- [DATASET SECTION]:
----------
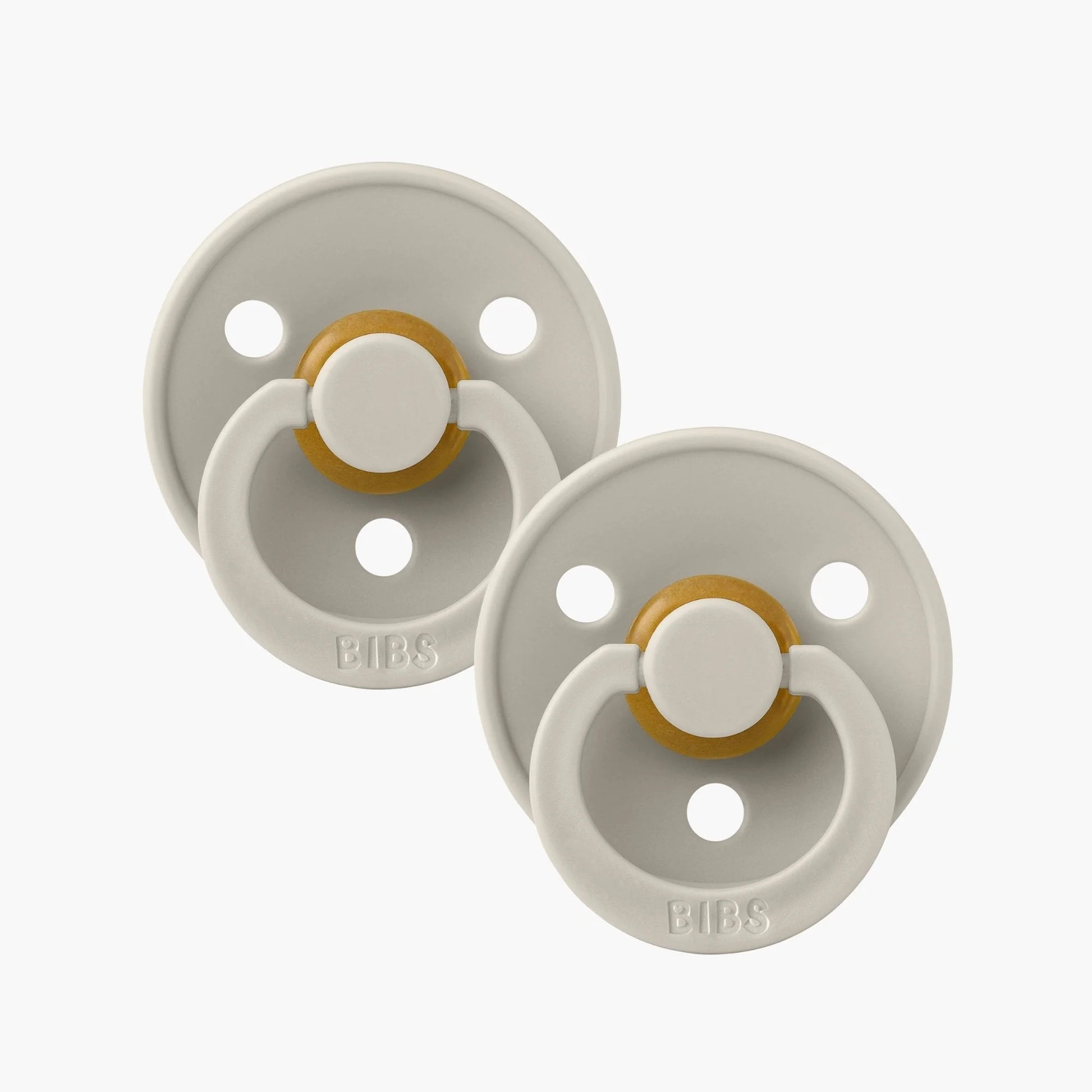 A fantastic pack of 2 Colour Pacifiers by Bibs Dummies in Sand(Light Grey). Trusted by parents for over 30 years, BIBS dummies feature a cherry shaped nipple and lightweight shield to mimic a mother's skin, allowing your little one to transition from breast to pacifier smoothly. BIBS dummies are made from 100% natural rubber and are completely free from BPA, PVC and phthalates. Choose from over 40 colours to complete your child's look!
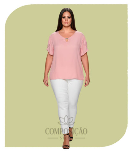 Blusa Plus Size Rosa Quartzo com Detalhe Metalizado e Mangas Franzidas
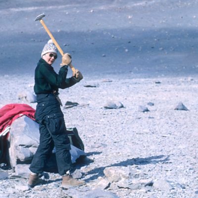 Until 1969 American women were not allowed to travel to Antarctica. The US Navy was the only means of getting there and they prohibited women from making the journey. After the ban was lifted, Terry Tickhill Terrell became one of the first female American scientists to do research on Antarctica. (Image: Terry Tickhill Terrell, then 19, swings at a boulder for rock samples in Antarctica’s Wright Valley in 1969. Credit: Lois M. Jones Papers, SPEC.PA.56.0213, Byrd Polar and Climate Research Center Archival Program/The Ohio State University.)
----------
- [ABOUT THIS TASK]: Copy all of the data above exactly. Leave out every picture.

- [TASK SOLUTION]:
 A fantastic pack of 2 Colour Pacifiers by Bibs Dummies in Sand(Light Grey). Trusted by parents for over 30 years, BIBS dummies feature a cherry shaped nipple and lightweight shield to mimic a mother's skin, allowing your little one to transition from breast to pacifier smoothly. BIBS dummies are made from 100% natural rubber and are completely free from BPA, PVC and phthalates. Choose from over 40 colours to complete your child's look!
 Blusa Plus Size Rosa Quartzo com Detalhe Metalizado e Mangas Franzidas
 Until 1969 American women were not allowed to travel to Antarctica. The US Navy was the only means of getting there and they prohibited women from making the journey. After the ban was lifted, Terry Tickhill Terrell became one of the first female American scientists to do research on Antarctica. (Image: Terry Tickhill Terrell, then 19, swings at a boulder for rock samples in Antarctica’s Wright Valley in 1969. Credit: Lois M. Jones Papers, SPEC.PA.56.0213, Byrd Polar and Climate Research Center Archival Program/The Ohio State University.)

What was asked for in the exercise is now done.